Poongkothai Chandrahasan, a Sri Lankan Tamil actress, activist, filmmaker, and aspiring politician, is the founder-president and CEO of the Serendip Be The Change Foundation. Based in Jaffna, Sri Lanka, the foundation empowers war widows and victims of the civil war, impacting over 25,000 Eelam Tamils through The Green Empowerment Project, addressing food insecurity, gender-based violence, and poverty. She served as the Former Director of OfERR (Organisation for Eelam Refugees' Rehabilitation) from 2003 until 2020, empowering and educating Sri Lankan Tamil refugees and marginalized Indian women and children. She currently holds a position on the Board of Directors/Management Committee of OfERR. In 2016, Poongkothai founded Serendip Boutique, a social enterprise that markets sustainably crafted products made by Sri Lankan refugee women. The boutique's proceeds train more women with livelihood skills. During the pandemic, she initiated 'Yalpanam by Serendip,' a cloud kitchen serving authentic Sri Lankan cuisine in Chennai, empowering refugee women home cooks in camps. Additionally, Poongkothai is the co-founder and CEO of Asthtva Foundation, an NGO founded in 2008, working with Indian rural women and children on education, nourishment, and child safety. She is an aspiring politician and a member of the Tamil National Alliance. She comes from a lineage of political and social activists, including S. J. V. Chelvanayakam and Dr. E. M. V. Naganathan.

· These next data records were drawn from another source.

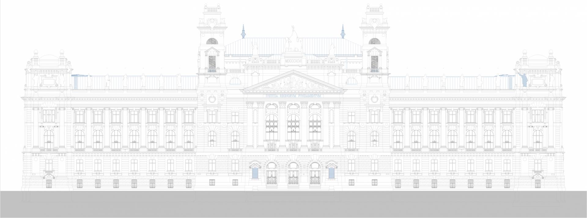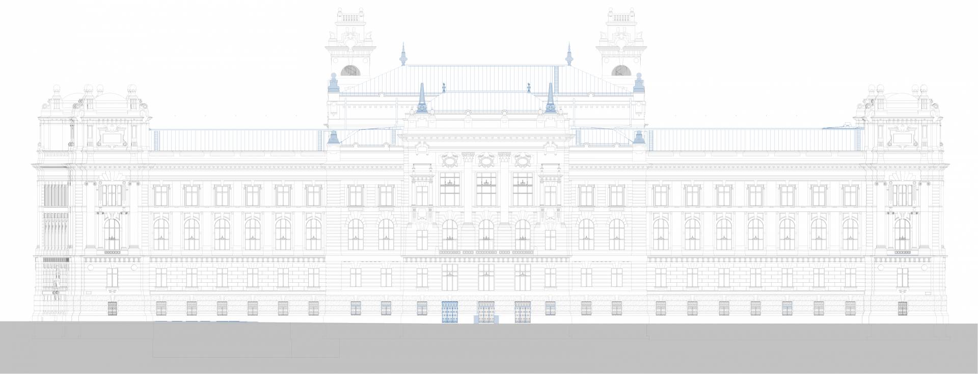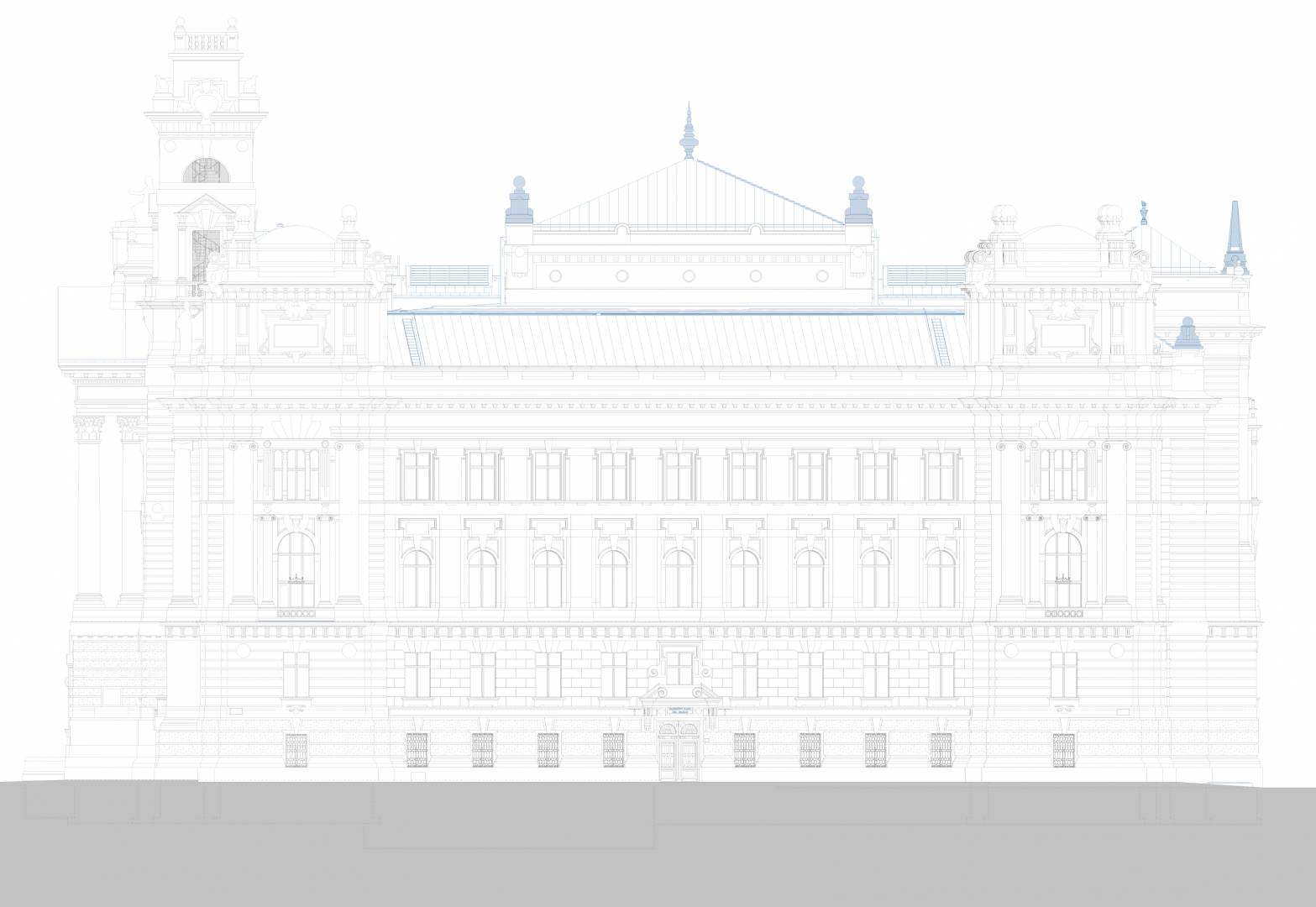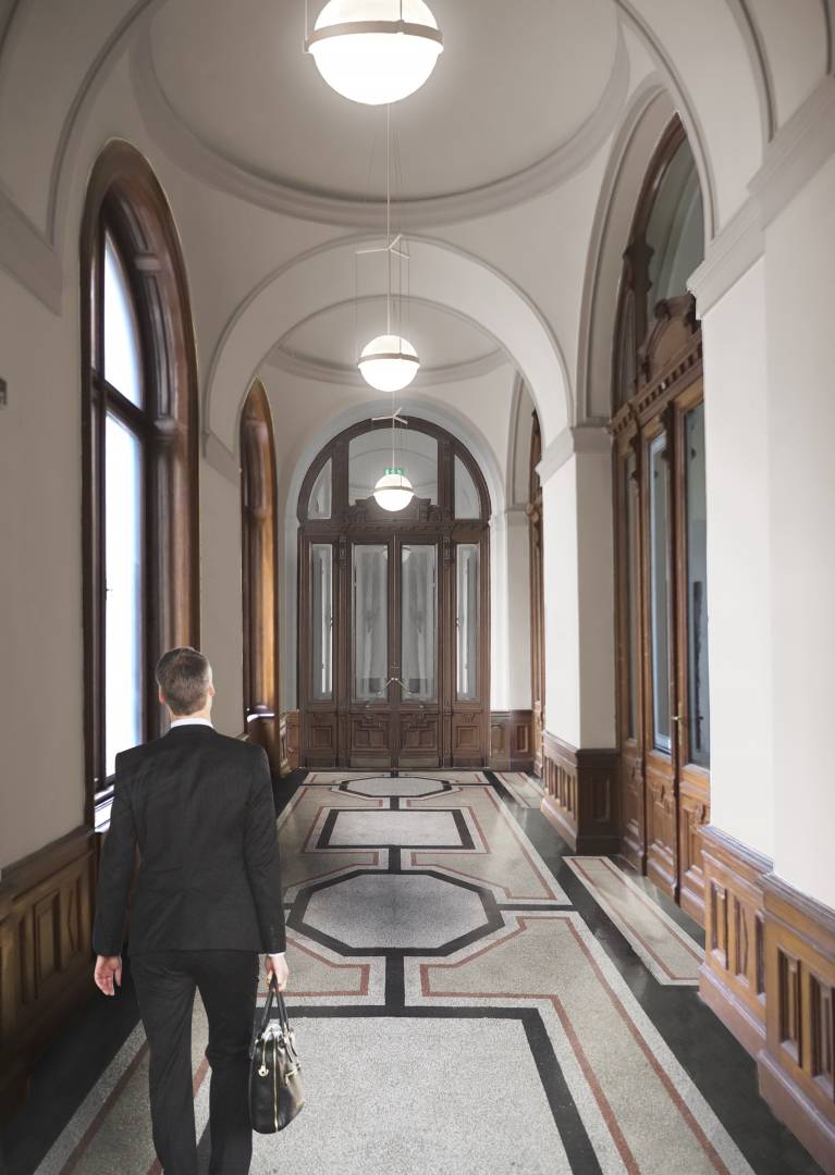 The purpose of the project is to restore the original function and light of the Palace of Justice by protecting, restoring and reconstructing the historical values of the protected building, taking into account the needs of today and the changes in the function. The way to do this is the removal of the subsequent additions, the partial installation of the attic, the one-level substructure of the courtyards, the construction of a transformer basement level, the placement of four new elevators, and the creation of a court function.
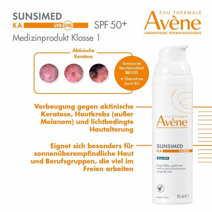 Sunsimed KA ist ein Medizinprodukt mit sehr hohem Sonnenschutz SPF 50+, das dazu beiträgt, Krebsläsionen (außer Melanom) und Krebsvorstufen wie aktinische Keratose und UV-lichtinduzierte DNA-Läsionen zu verhindern. Sunsimed KA wurde formuliert mit:
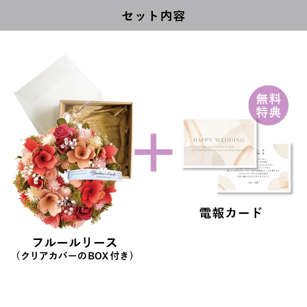 「二人の幸せが永遠に続きますように…」と願いを込めて贈る、華やかなフルールリース電報です。
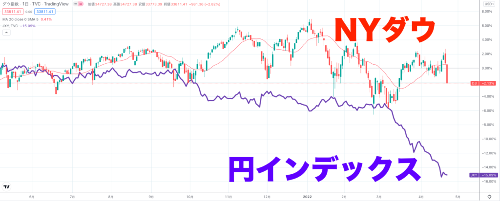 現在は株安円安となっていますが、円高へ切り替わりドル円が下がるときに本来の株安円高の連動性に戻っていくと考えています。
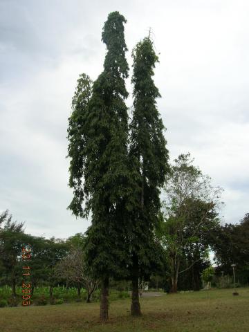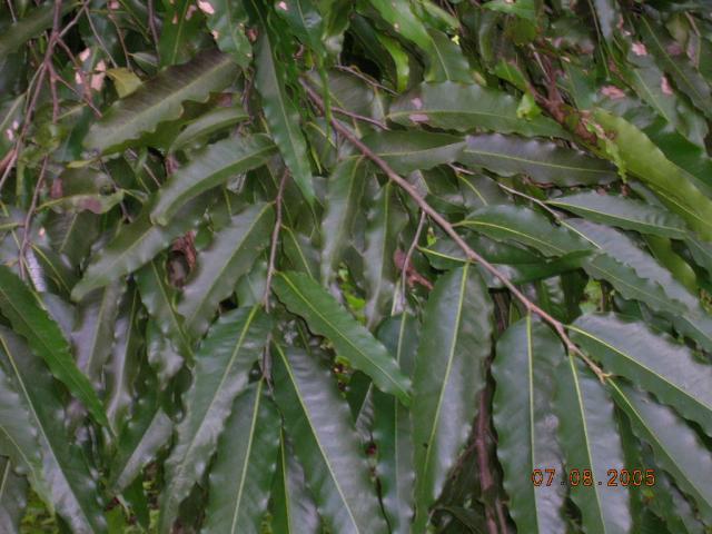 | Botanical Features | Tall trees, internode 2-2.7 cm; bole straight; crown conical; bark greyish-brown, smooth; young branches spreading, pendulous, slender, glabrous or sparsely puberulous when young. Leaves simple, alternate, distichous, estipulate; petiole 10-15 mm, pubescent when young, slender; lamina 15-23 x 2-4 cm, ovate-lanceolate or lanceolate; base round; apex acuminate; margin entire, strongly undulate, glabrous, shining above and dull beneath, coriaceous, lateral nerves up to 30 pairs, obscure, pinnate, flowers bisexual, green; fruit aggregate of berries; berry 2.5 x 1.5 cm ovoid to ellipsoid, obtuse at both ends, glabrous, reddish to black; seed one, almost ovoid, smooth or slightly grooved, pale brown, shiny. |
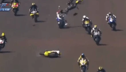 Ο Καρντόσο έχασε τον έλεγχο της μοτοσικλέτας του και έπεσε στη μέση της πίστας. Ο 42χρονος σήκωσε το χέρι του για τον δουν οι άλλοι αναβάτες, ωστόσο ο Βερίσιμο ντα Ρότσα δεν μπόρεσε να τον αποφύγει, με τη σύγκρουση να είναι σφοδρή.
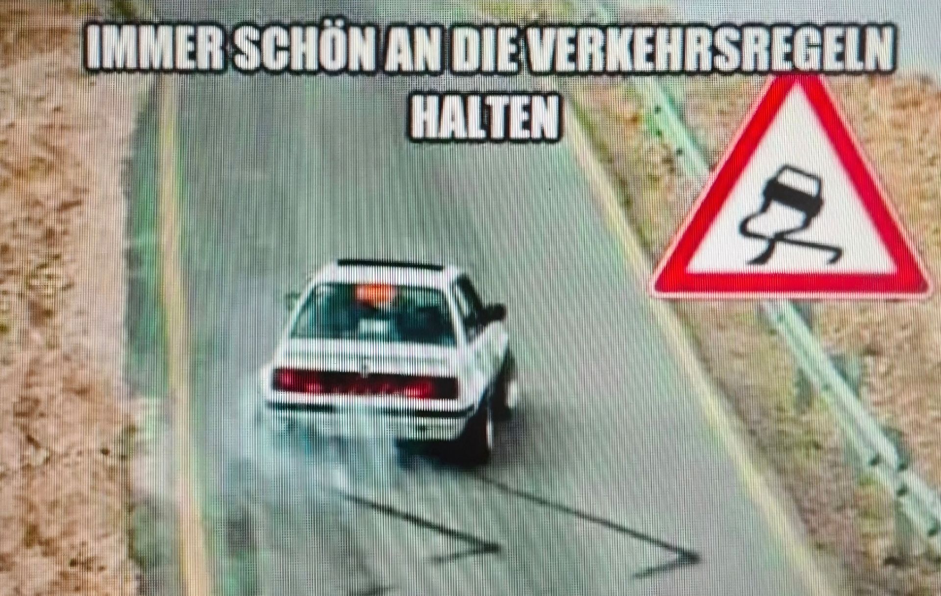 Der Opa von hinten: Ich habe doch gleich gesagt, dass wir nicht weit kommen mit dem geklauten Auto!
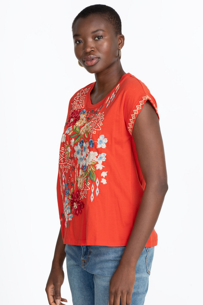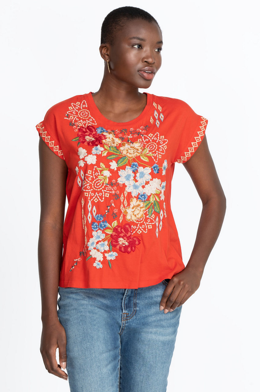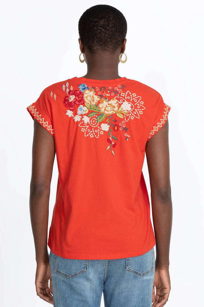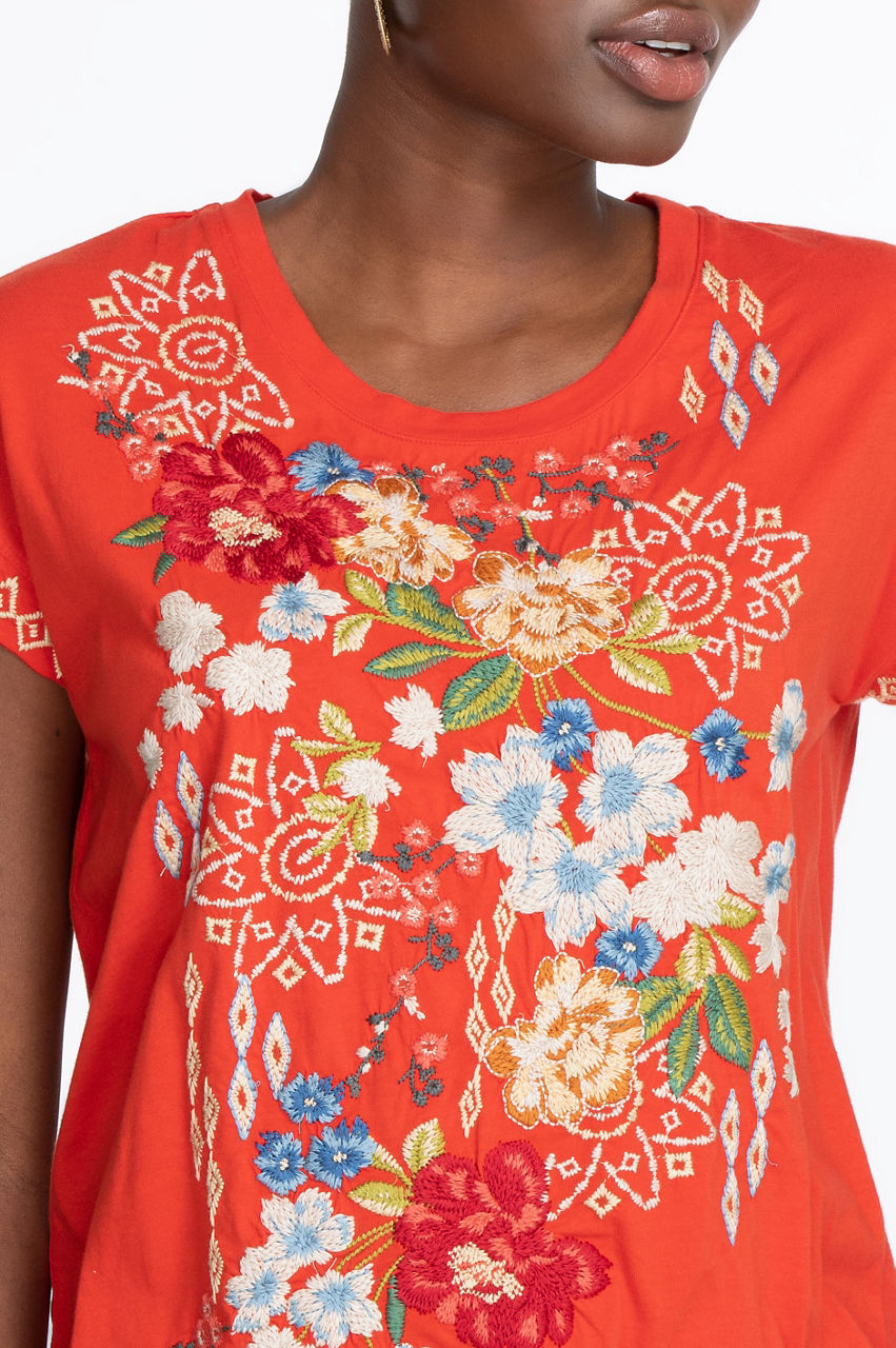 Our Josephine Relaxed Tee combines comfort with elegant style, featuring whimsical embroidery and a classic round neck. It's a perfect additional wardrobe piece, especially for a weekend getaway and beach outfit. Look stylish all season round - pair it with your favorite skirt, artisan hat, or denim jacket. Wear it across all seasons for a cozy, casual vibe.

SERIES MODERATOR AND CHAIR
Priyali Sur is the Founder and the Executive Director of The Azadi Project. She has built and implemented programs across Europe, Africa and South Asia, helping refugees and migrants from Afghanistan, India, Iran, Iraq, Myanmar, Niger, Syria, Ukraine and Yemen. She was a former news anchor for CNN-IBN in India, and has consulted as a Social Development expert for the World Bank in Washington, D.C. Her work has been published in CNN, NPR, PBS, and The Guardian, among other international media outlets.